Saved entries
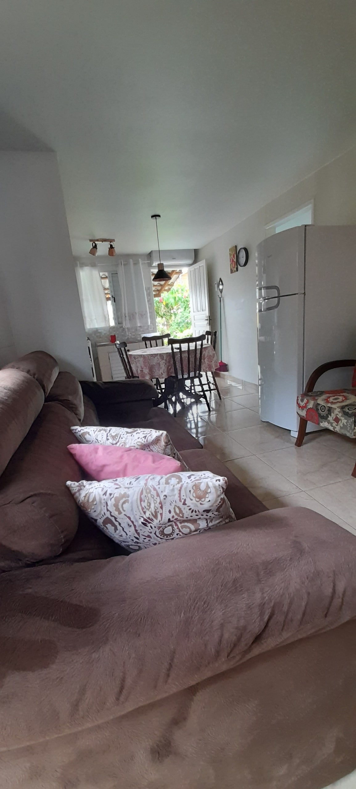 A casa possui 2 quartos (com uma parede divisória, fechados com uma cortina de voal), ventilador portátil, sofá rústico com frigobar e banheiro privativo. Não há cozinha na acomodação mas os hóspedes podem usar a cozinha compartilhada da pousada, (mostrada nas fotos), além de sala, espaço para refeições e varanda vista mar. A pousada possui 4 acomodações no total. Fica no alto do morro com linda vista mar. Localização (Praia do Siriú) - 1,3km do mar da Praia do Siriú - 9km do centro de Garopaba
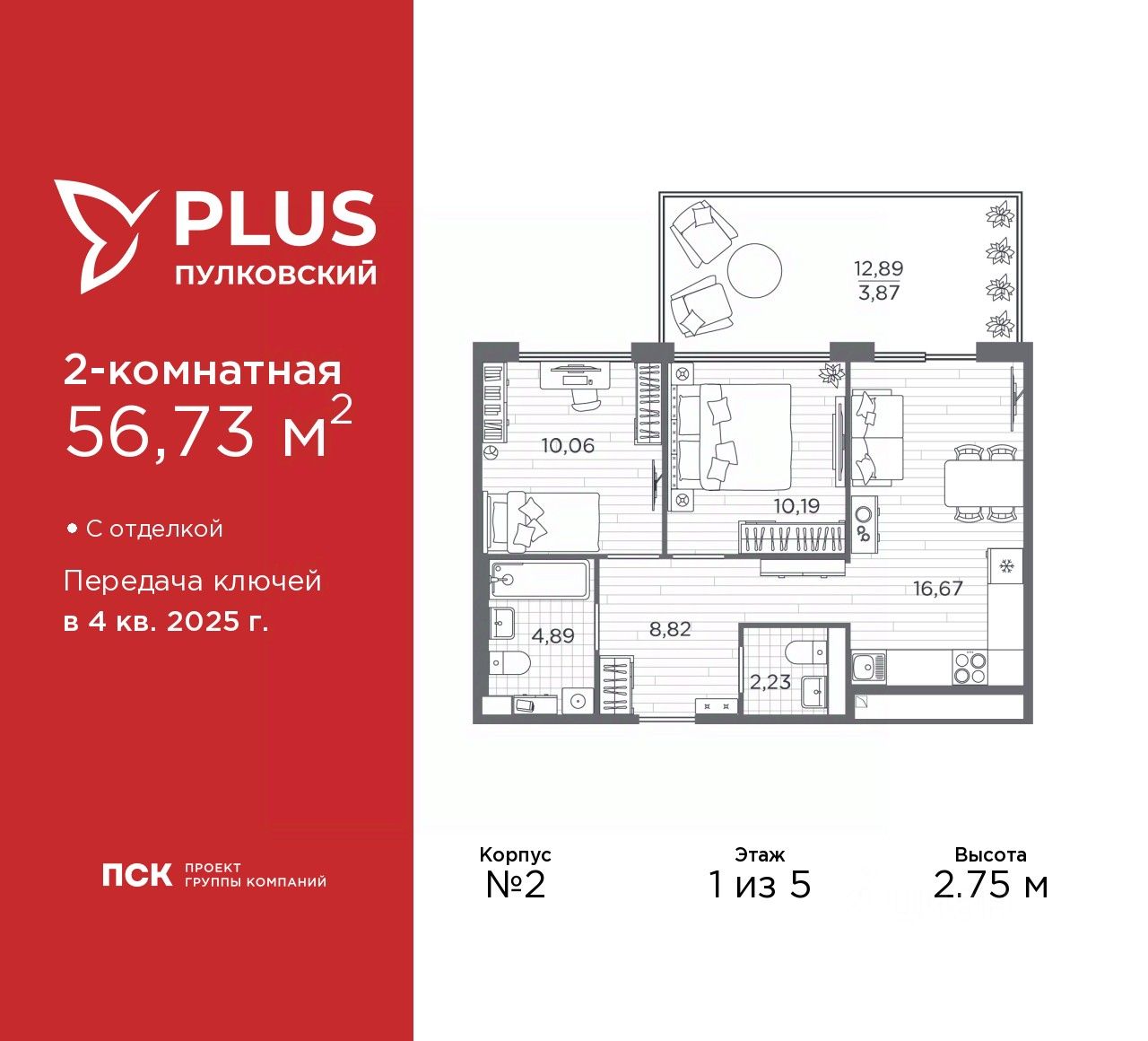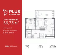 Просторная двухкомнатная квартира с отделкой в ЖК "PLUS Пулковский" на 1 этаже. Общая площадь: 56.73 кв.м., жилая: 20.25 кв.м., площадь просторной кухни-столовой: 16.67 кв.м. Комнаты изолированные, все окна выходят на одну сторону. В квартире один балкон, один совмещенный и один раздельный санузел. Терраса представляет собой роскошную зону отдыха, где вы на свой вкус можете создать атмосферу комфорта и уюта. Высота потолков 2.75 м.
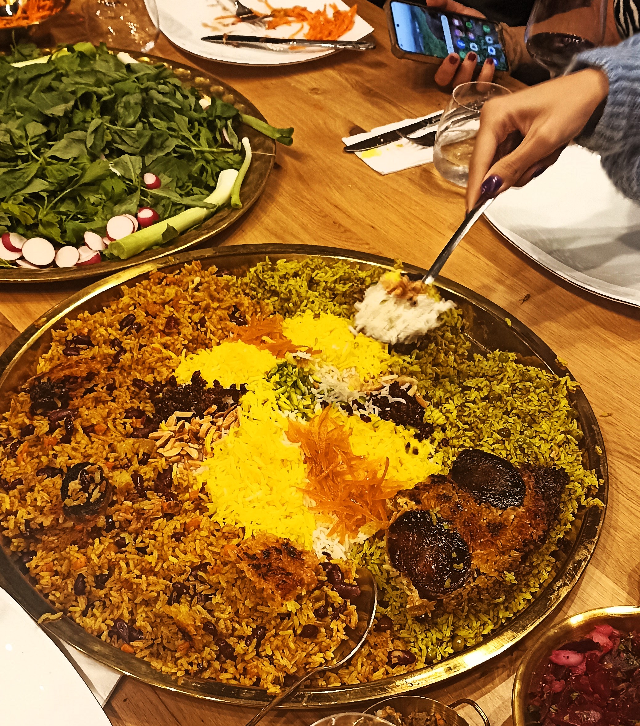 צילום נעמי גולן אני במסעדת שחרזאד ברחובות ליד שולחן הקינוחים בשלטון האימים הדיקטטורי של האייתולות באיראן, ובמיוחד נגד אתרי ייצור הנשק הגרעיני שלהם, מתנהלת מלחמה בכמה חזיתות: סנקציות כלכליות, הפצצות של חיל האוויר הישראלי, קמפיין איומים של נשיא ארה"ב טראמפ, קמפיין ההסברה של ראש הממשלה בנימין נתניהו, תשדירים וסרטונים סאטיריים של אמנים בקהילות יוצאי איראן…
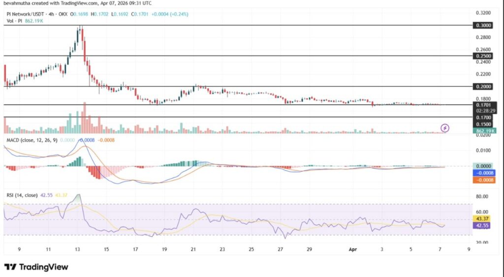 Per 7 April, harga koin Pi berada di level $0.1696. Indikator MACD menunjukkan nilai negatif, yang merupakan sinyal bearish dan mengindikasikan bahwa sentimen pasar masih belum cukup kuat.
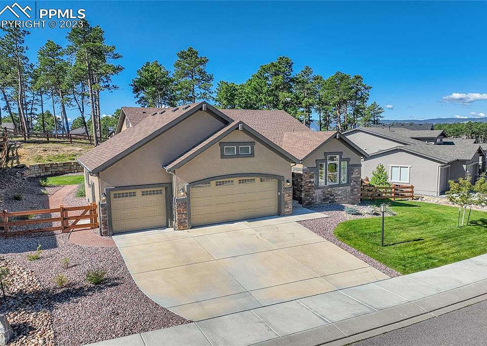 Embody the essence of true Colorado living in this enchanting ranch-style home expertly blending colors + textures to create a timeless, serene aesthetic. Nestled amid towering pines, stunning views + abundant wildlife, this home is extraordinary + the epitome of CO luxury living. Inside, discover an open concept design, plank laminate flooring, soaring ceilings, walls of windows, dovetail soft close doors + drawers, quartz countertops, brushed gold faucetsThe MN lvl flex space is ideal for office/living/play/dining rm, offering flexibility to your lifestyle. Centered in the Greatroom is a gas fireplace w/floor-to-ceiling stacked stone flanked by shelving + lighting on both sides. The Gourmet KIT boasts upgraded MidContinent Cabinets w/42"uppers, a suite of upgraded Stainless Steel Appliances, including a Forno 48" 6-burner Gas Oven Range w/griddle + double ovens, a tile backsplash, spacious Center island, pantry + attached dining area w/walkout to rear patio for outdoor entertaining/living. The owner's retreat is a true sanctuary w/walls of windows, walk-in closet + ensuite boasting dual sinks + a spa-like frameless walk-in shower w/dual shower heads, mud-set hexagon tiled shower pan + bench. A 2nd bdrm, full BA + laundry Rm w/nearby hall tree complete the MN. The lower lvl offers a spacious Fam Rm, 2 add'l bdrms, a full BA + lg. storage Rm w/option of future Junior Suite, providing plenty of space for recreation + guests. Extras: 3-car GAR w/Wi-Fi openers, 58 HERS score, water filter sys, Aprilaire Ventilator, Smart Home Features + more! Outside, this 0.26-acre lot offers a serene escape w/a gas-ready rear extended patio. Situated in one of the most desirable neighborhoods w/open spaces, parks including a new, soon to open, multi-use field Lacrosse/Soccer/Park, community events + trail system that has direct access to Fox Run Regional Park, this home is just minutes from the AFA, shopping + dining + I-25 making commutes to C/S, DEN, military bases + more a breeze!

AIM OF THE EXERCISE - Your reply should be the lines of the records from the start through the line with "Per 7 April, harga", copied word for word, pictures omitted.

RESULT OF THE TASK -
 A casa possui 2 quartos (com uma parede divisória, fechados com uma cortina de voal), ventilador portátil, sofá rústico com frigobar e banheiro privativo. Não há cozinha na acomodação mas os hóspedes podem usar a cozinha compartilhada da pousada, (mostrada nas fotos), além de sala, espaço para refeições e varanda vista mar. A pousada possui 4 acomodações no total. Fica no alto do morro com linda vista mar. Localização (Praia do Siriú) - 1,3km do mar da Praia do Siriú - 9km do centro de Garopaba
 Просторная двухкомнатная квартира с отделкой в ЖК "PLUS Пулковский" на 1 этаже. Общая площадь: 56.73 кв.м., жилая: 20.25 кв.м., площадь просторной кухни-столовой: 16.67 кв.м. Комнаты изолированные, все окна выходят на одну сторону. В квартире один балкон, один совмещенный и один раздельный санузел. Терраса представляет собой роскошную зону отдыха, где вы на свой вкус можете создать атмосферу комфорта и уюта. Высота потолков 2.75 м.
 צילום נעמי גולן אני במסעדת שחרזאד ברחובות ליד שולחן הקינוחים בשלטון האימים הדיקטטורי של האייתולות באיראן, ובמיוחד נגד אתרי ייצור הנשק הגרעיני שלהם, מתנהלת מלחמה בכמה חזיתות: סנקציות כלכליות, הפצצות של חיל האוויר הישראלי, קמפיין איומים של נשיא ארה"ב טראמפ, קמפיין ההסברה של ראש הממשלה בנימין נתניהו, תשדירים וסרטונים סאטיריים של אמנים בקהילות יוצאי איראן…
 Per 7 April, harga koin Pi berada di level $0.1696. Indikator MACD menunjukkan nilai negatif, yang merupakan sinyal bearish dan mengindikasikan bahwa sentimen pasar masih belum cukup kuat.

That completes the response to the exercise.